The Himalayan region witnessed similar restrictions and months of blockades, albeit for political reasons, in 2008, 2010, 2016, and more recently last year when the in a controversial move stripped Kashmir of its semi-autonomous status and later divided it into federally administered territories.

Shahid Ahmad, another villager, said that this time around it was slightly different because “we had not only to arrange food but also maintain social distance” while feeding the hungry. “So it was a little tougher but we managed till the authorities made arrangements for them.”

Frequent curfews imposed by the government to prevent demonstrations and riots have taught Kashmiris how to keep supply lines open and assist the most vulnerable.

Maqbool Mir, a Srinagar resident, told EFE that when Prime Minister Narendra Modi announced the lockdown on Mar.24 within a four-hour ultimatum, residents of his neighborhood quickly assembled to reactivate a local group of young and elderly volunteers.

The residents have formed the relief committee to look into social and economic issues in the neighborhood with its members keeping a tab on those whose livelihoods are disrupted by frequent troubles in Kashmir.

Such committees formed in almost every neighborhood collect monthly donations from the residents to be ready for any eventuality due to social, political, or natural reasons.

“The conflict has taught us how to remain ready,” Abdul Gani, who heads one such group in a south Kashmir village, told EFE.

He said the government relief is always delayed and such committees are usually the first responders to any crisis at the local level.
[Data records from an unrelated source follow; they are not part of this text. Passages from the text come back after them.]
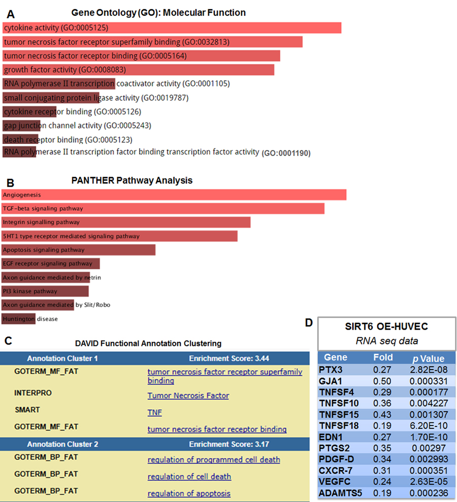 Overrepresentation analysis of these genes using Enrichr database [33] revealed that the top three significantly overrepresented molecular function GO terms were cytokine and TNF-α receptor (superfamily) binding (Figure 7A). PANTHER pathway analysis suggests that SIRT6 modulates several important pathways in ECs, including angiogenesis, TGF-β signaling and integrin signaling (Figure 7B). To investigate the enrichment of functional annotation, we used Database for Annotation, Visualization and Integrated Discovery (DAVID) [34] to examine the 198 genes downregulated by SIRT6 overexpression. The functional annotation clustering results suggests that the top two DAVID-defined clusters which displayed enrichment scores (ES) >3 under high classification stringency parameters were: TNF-α receptor (super-family) binding and cell death (Figure 7C). Detailed analysis of RNA-seq data indicated that SIRT6 overexpression decreased the expression of multiple genes involved in vascular inflammation and atherosclerosis, including PTX3 (Pentraxin 3) [35], GJA1 (gap junction A1, also known as Connexin 43) [36], and TNFSF4 (tumor necrosis factor superfamily member 4, also known as OX40 ligand) [37] (Figure 7D and Table S4). In addition, SIRT6 overexpression upregulates several heat shock protein (HSP) genes that participate in DNA damage repair, including HSPA1A (Heat shock 70 kDa protein 1, also termed Hsp72), HSPA1B, and HSPA6 (Table S5).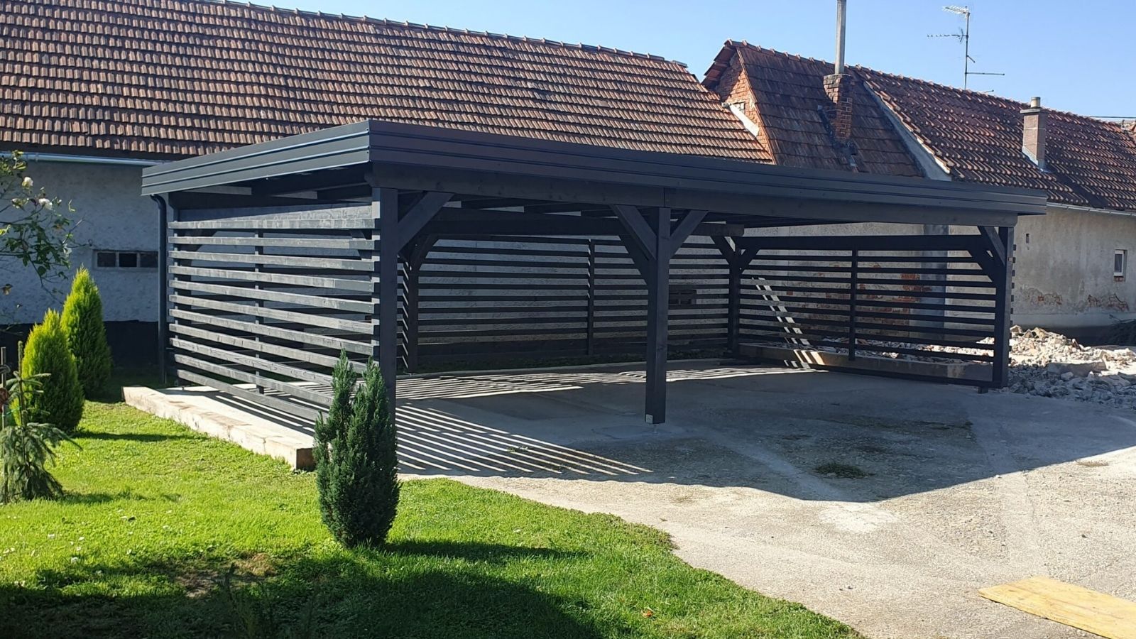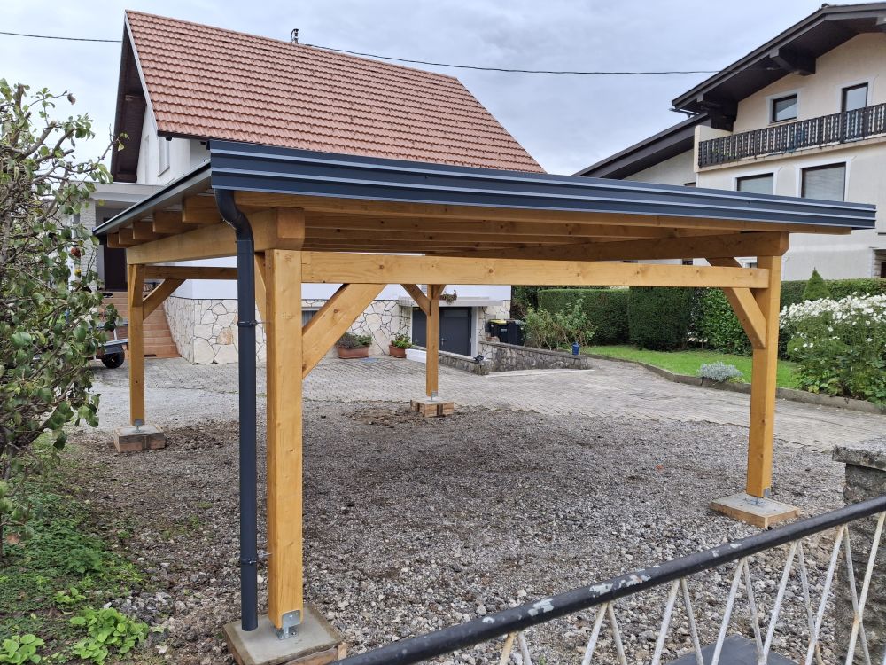 Nosilni strebri so postavljeni na standardni parkirni prostor ali na velikost po meri. Dve vozili: 5,85 m x 5,5 m (strešna površina).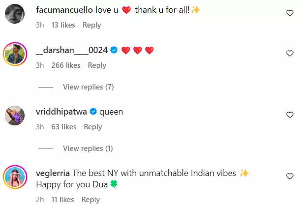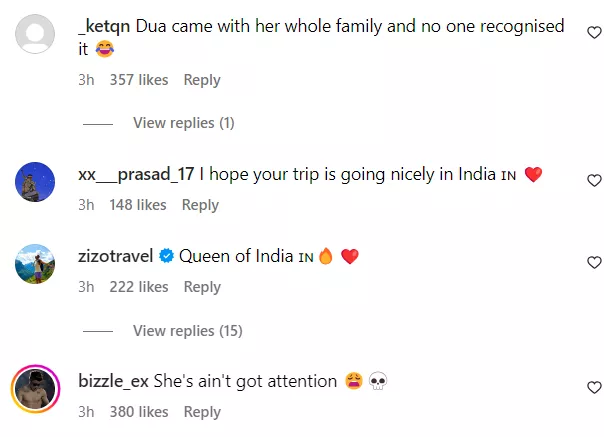 As Dua Lipa concluded her visit to India and dropped some glimpses from her trip on her Instagram, netizens quickly started dropping their witty comments. One user wrote, “Caption could have just been ‘acha chalta hu, dua hu main yaad rakhna.’” Another one said, “You are so cute in Rajasthani traditional.” A third comment said, “She's representing our india to the world, let's pray for her success.” Check out some other comments on her post: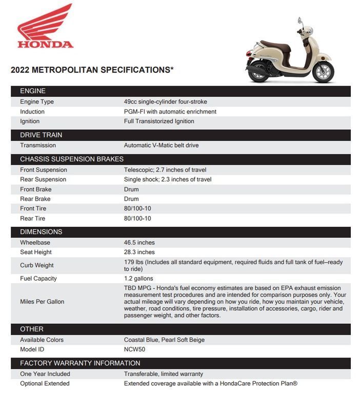 Honda mengklaim Metropolitan mampu melahap jarak sejauh 49,74 Km dengan 1 liter bensin.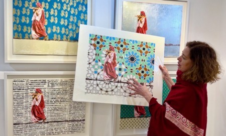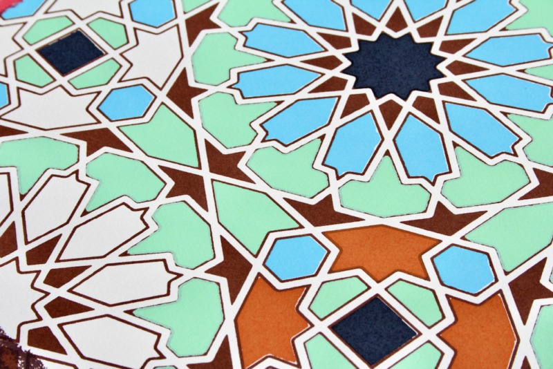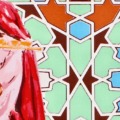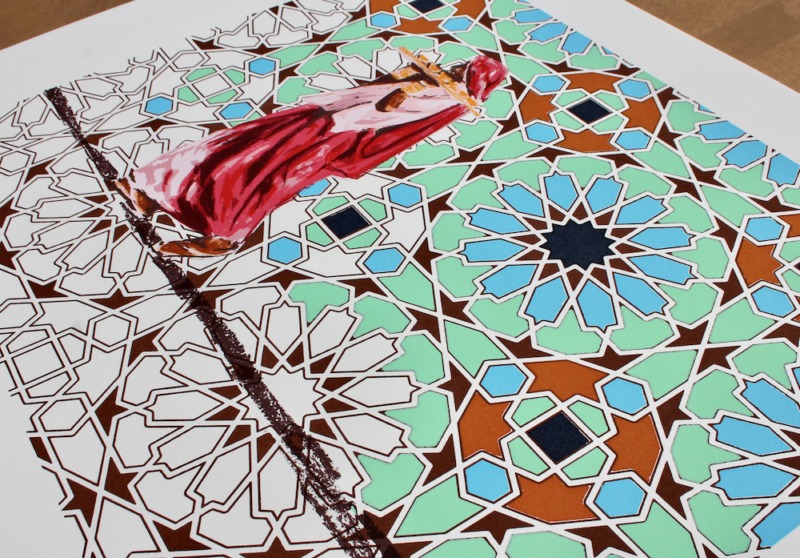 In #Cosmic Change, an Indian Woman is trying to find her place in the modern world set against a background of an Islamic geometric pattern where spiritual tradition and the fast-paced movement forward through the circular cosmic order are in constant flux.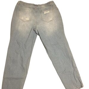 Stylish distressed jeans in a light blue shade. Perfect for a casual, trendy look. High waisted jeans, mom jeans style and fit with stretchy waist band. Distressed Light Blue Women's Jeans “ Wax Jean Collection” Size 1X
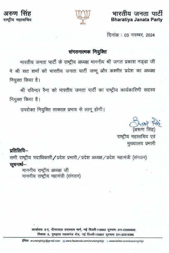 भारतीय जनता पार्टी ने जम्मू-कश्मीर इकाई के अध्यक्ष के लिए सत शर्मा को चुना है। उन्हें पूर्व प्रदेश अध्यक्ष रवींद्र रैना की जगह पर चुना गया है। दरअसल, नौशेरा विधानसभा सीट से चुनाव हारने पर रवींद्र रैना ने पार्टी की राज्य इकाई के अध्यक्ष पद से इस्तीफा दे दिया था। वहीं अब पार्टी ने रैना को बीजेपी राष्ट्रीय कार्यकारिणी का सदस्य बनाया है। इस बात का ऐलान बीजेपी राष्ट्रीय महासचिव अरूण सिंह की ओर से प्रेस रिलीज जारी कर किया गया है।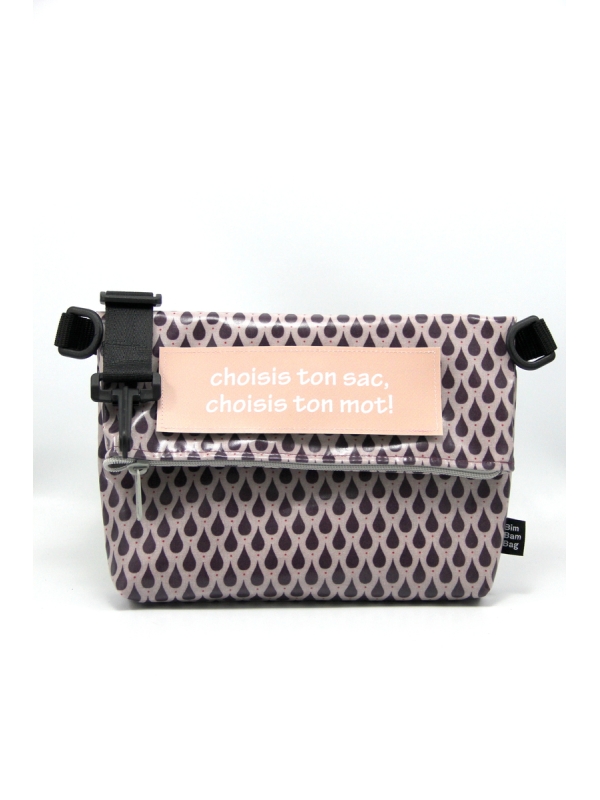 Un velcro cousu sur le devant du sac, pour y coller un mot de votre choix ( à compter en plus dans le prix).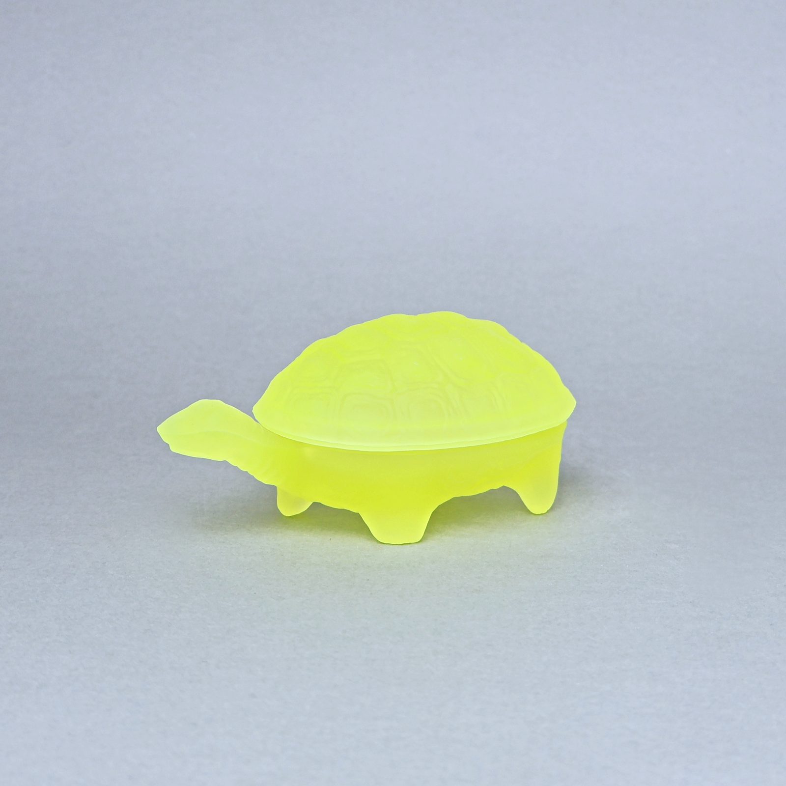 Decorative Glass Box in the Shape of a Turtle, Made of Genuine Uranium Glass, Handcrafted at the Janov Glassworks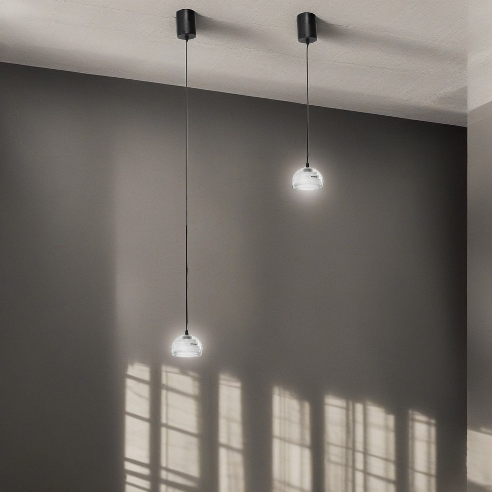 Archimede Seguso (Murano 1909 - Murano 1999) - Coppia di lampade a sospensione diffusore in vetro pesante trasparente e bianco H cm 72,5 - H cm 160 diametro diffusore12,5

Abdul Hameed, who is a member of one such committee in the Shopian district, said the concept had existed throughout history. “It is a sense of social responsibility.”

The idyllic valley is disputed between India and Pakistan since the partition of the subcontinent in 1947. The two nuclear neighbors rule parts of the divided territory but claim it in entirety.

Kashmir has seen a bloody separatist campaign since the 1990s that has claimed thousands of lives.

The raging conflict has devastated the region’s limited economic development of the region that once was one of the most sought after tourist destinations in the world.